There is an interesting, although somewhat fanciful, article in the New York Times today about young Arab women who become flight attendants because the career offers an unusual amount of personal freedom.
On the surface I have nothing against this piece, but the past year has seen a host of articles in the American media about young Arab women and the various ways they attempt to date, work, worship equally, etc. In other words, to adopt more Western customs. The article seems to fall into a predictable mold: on the one side, the intelligent young women who become flight attendants, and on the other, traditional Arab culture.
The article says:
"Many of the young Arab women working in the Persian Gulf take delight in their status as pioneers, role models for their friends and younger female relatives. Young women brought up in a culture that highly values community, they have learned to see themselves as individuals."
They have learned to see themselves as individuals? This generalization seems out of place and also moralistic.
"For many families, allowing a daughter to work, much less to travel overseas unaccompanied, may call her virtue into question and threaten her marriage prospects. Yet this culture is changing, said Musa Shteiwi, a sociologist at Jordan University in Amman."
There are two recognizable camps in this debate. The first is the "West," which in this case means America. The other is "Arab culture," which in the context of this article seems to mean, "everything that American culture is not."

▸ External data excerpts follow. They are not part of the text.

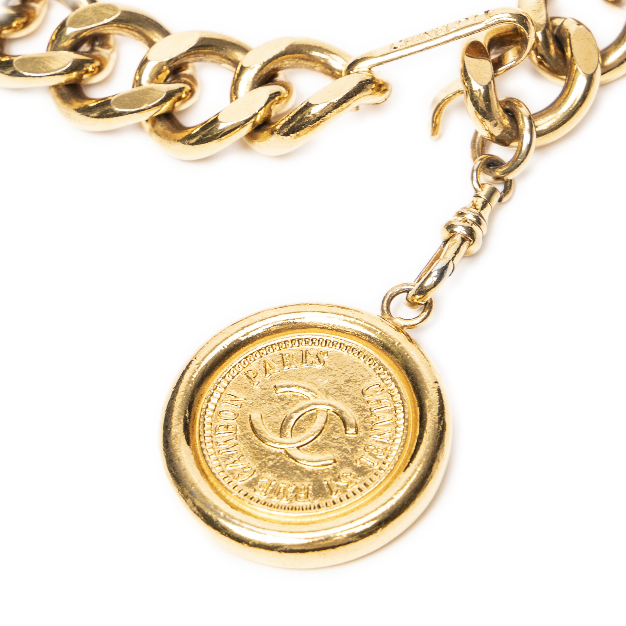 Chanel Belt CC Medallion Chain Belt in Gold Gold Plated and Gold Plated hardware. The product is in Excellent Condition (A).
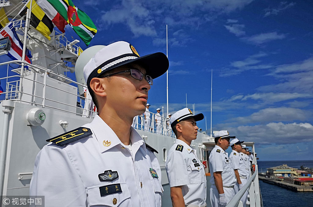 当地时间2018年10月12日,中国海军和平方舟医院船缓缓驶进多米尼克首都罗索港时,海军官兵在甲板列队站坡。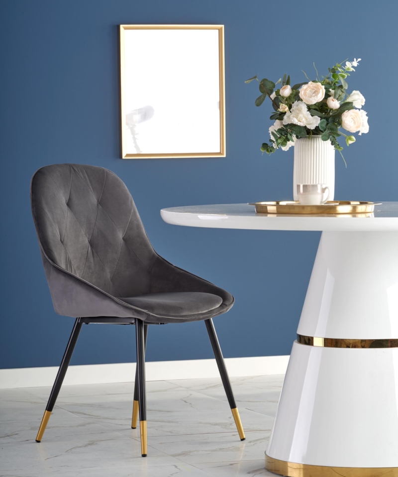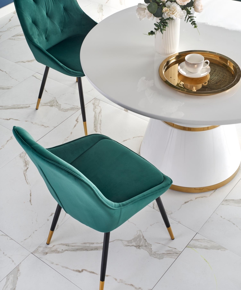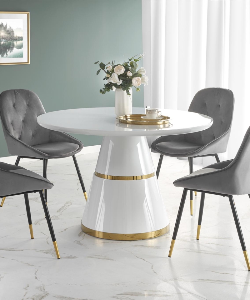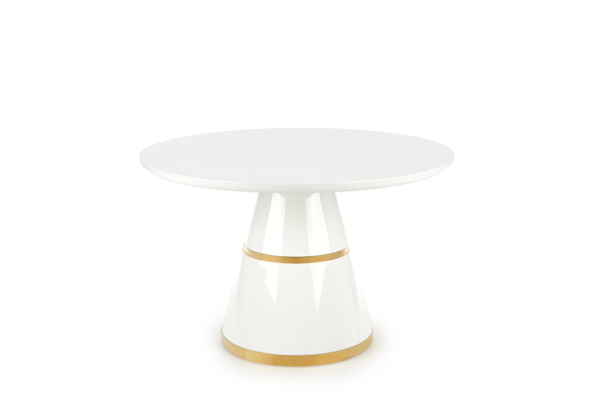 dimensions: o120/76 cm, material: lacquered MDF / chrome steel, color: top – white, leg – white / gold
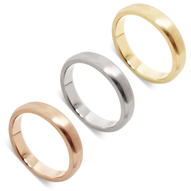 Orion | Handcrafted 14k gold flat wedding ring with a rolled edge and a hand brushed finish. Handcrafted 14kt gold flat wedding ring with a roll...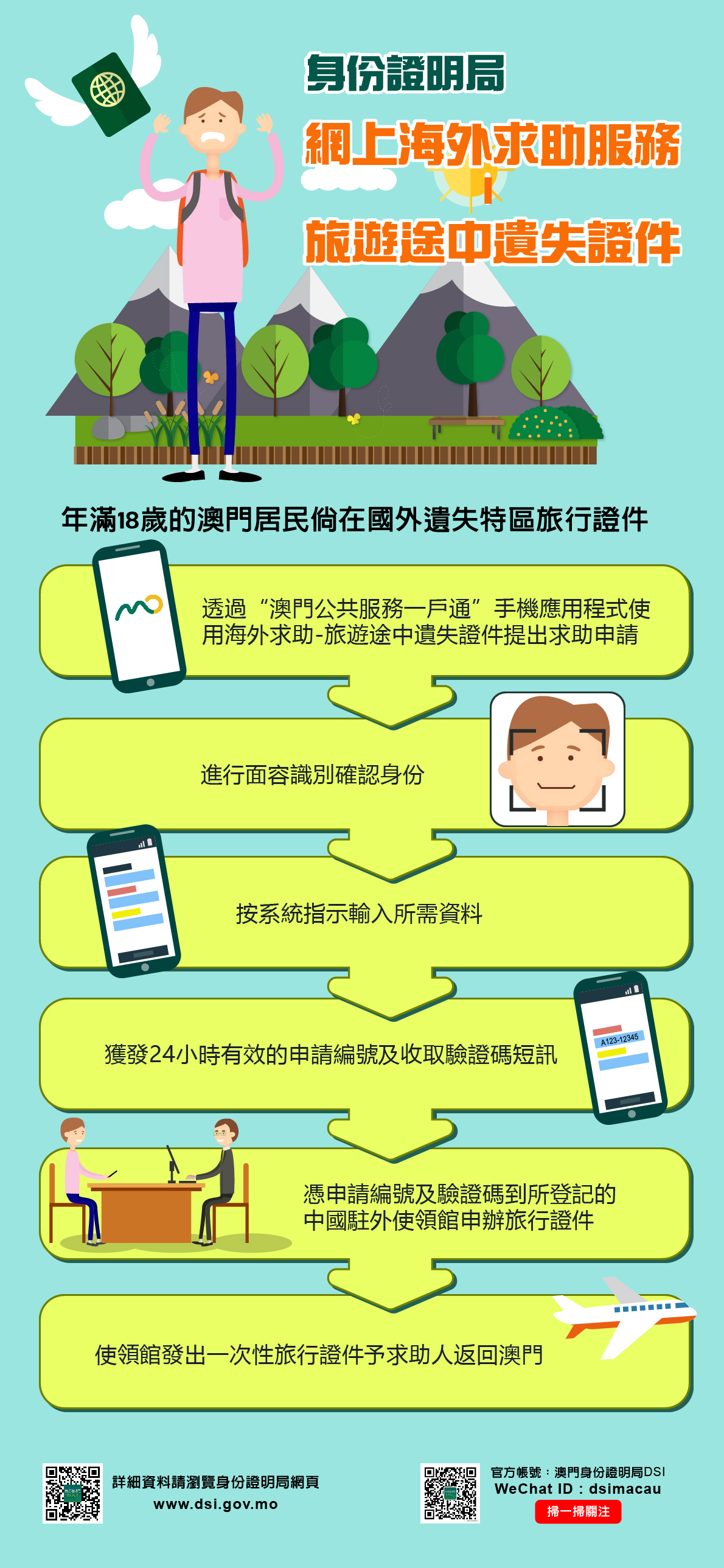 有關“網上海外求助服務—旅遊途中遺失證件”詳情,請參閱 www.dsi.gov.mo/ooas_c.jsp。

However, on American Bedu, (a website by a former American diplomat now married to a Saudi), the list of what Saudi women can and cannot do does not follow that predictable pattern.
For example, as has been said many times, it is against the law for Saudi women to drive. But Saudi women can work, have their own bank accounts and have their own businesses.
A close family friend of mine was once in school to become a Koranic scholar (he is Iranian). Although he left seminary, I remember having this same debate with him and he recited to me (in classical Arabic, no less) the portions of the Koran that say that married women retain property after their marriage. Women living in feudal England had none of these rights, but women in modern England do. So the "whatever the West is not" definition doesn't hold.
The right to financial independence, for women, seems to be a very integral part of traditional Arab doctrine.
And while it may seem that prejudice and practicality have made that independence impossible for Arab women, can we be sure of that fact? The journalists and scholars who shape our awareness of Arabs have worked off a shorthand definition of Muslim culture—"whatever American culture is not"—for so long that none of our assumptions make sense.